Personalized ransomware: requires victims to use credit or debit cards to pay ransom, with full personality ransom

Personalized ransomware: requires victims to use credit or debit cards to pay ransom, with full personality ransom

Last week, security researchers recently discovered ransomware that encrypts files of victims and redirects victims to an online page, pay a ransom on the page to unlock the encrypted file.

This was similar to the usual form of ransomware, but most specifically, the ransomware required victims to pay by credit or debit card.

This ransomware is named MindLost, but Microsoft has detected it as Paggalangrypt. This ransomware is a minority of ransomware that use a specific extension, it can scan all files stored on the device (txt, c, jpg, mp3, mp4, pdf, png, and py ), but it does not include Windows, Program Files, and Program Files (x86.

According to security researchers, the ransomware seems to be actively distributed, and more importantly, it is still under development because MindLost consumes a lot of time to scan files, however, the final encrypted file is only from the "C: \ Users" folder.

Program. enc.

After the encryption is completed, MindLost downloads an image containing the recovery file method on the remote server and sets it as the desktop wallpaper of the computer. MindLost also sets a registry key to ensure that the computer can run its executable files after each restart.

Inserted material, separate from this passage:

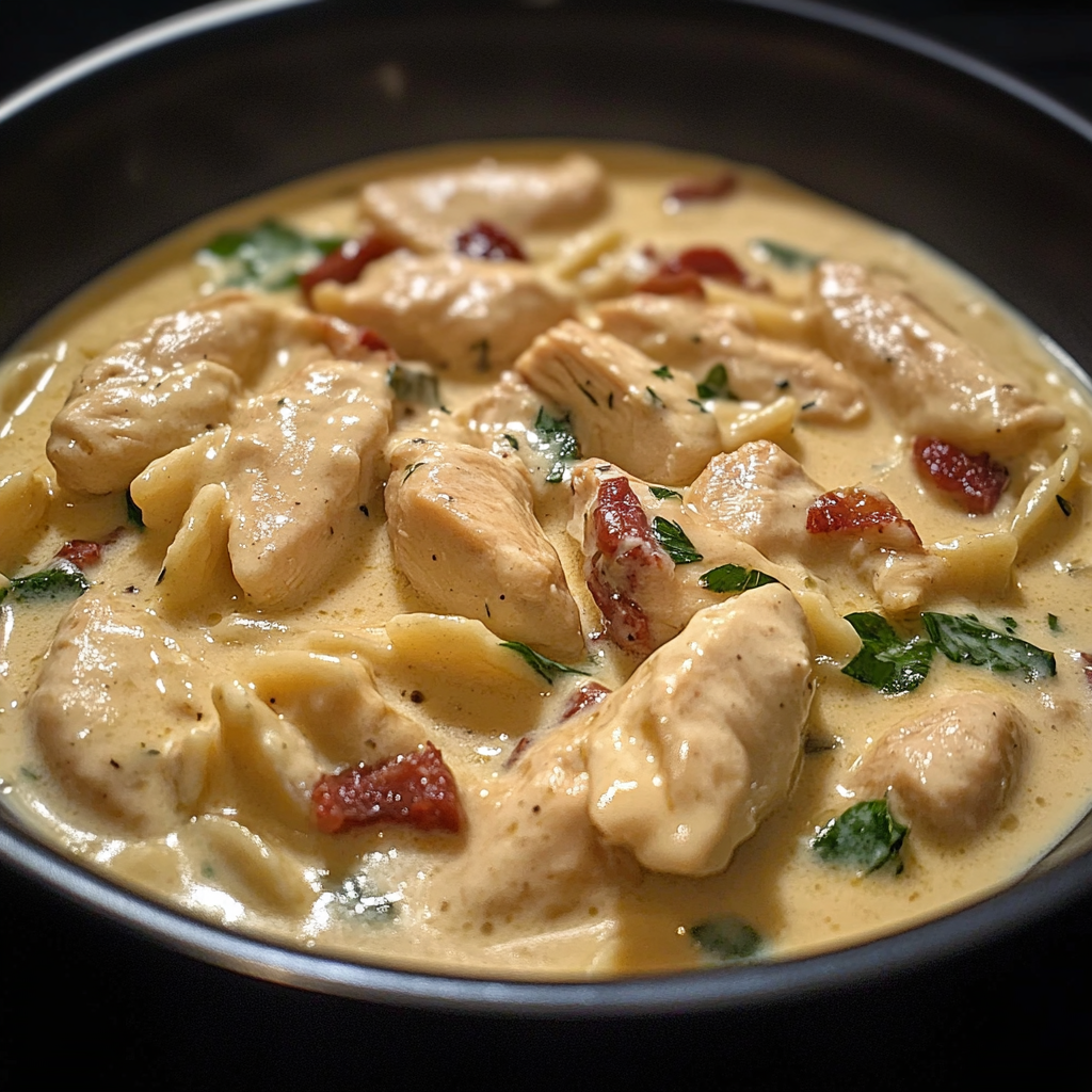 La cuisine italienne regorge de recettes de pâtes à la crème : carbonara, Alfredo, panna e prosciutto… Le « Poulet crémeux aux épinards et tomates séchées » en est une variation gourmande, où l’on capitalise sur :

In addition, researchers have noticed that there are a large number of errors in the MindLost ransomware code, such as the binary file path containing the name of the person (which cannot be guaranteed to be the name of the ransomware Developer ). The researchers also warned that currently MindLost is likely to be in the development stage, but the impact may be further increased after it completes development, users who intend to pay a ransom by credit or debit card may suffer secondary harm.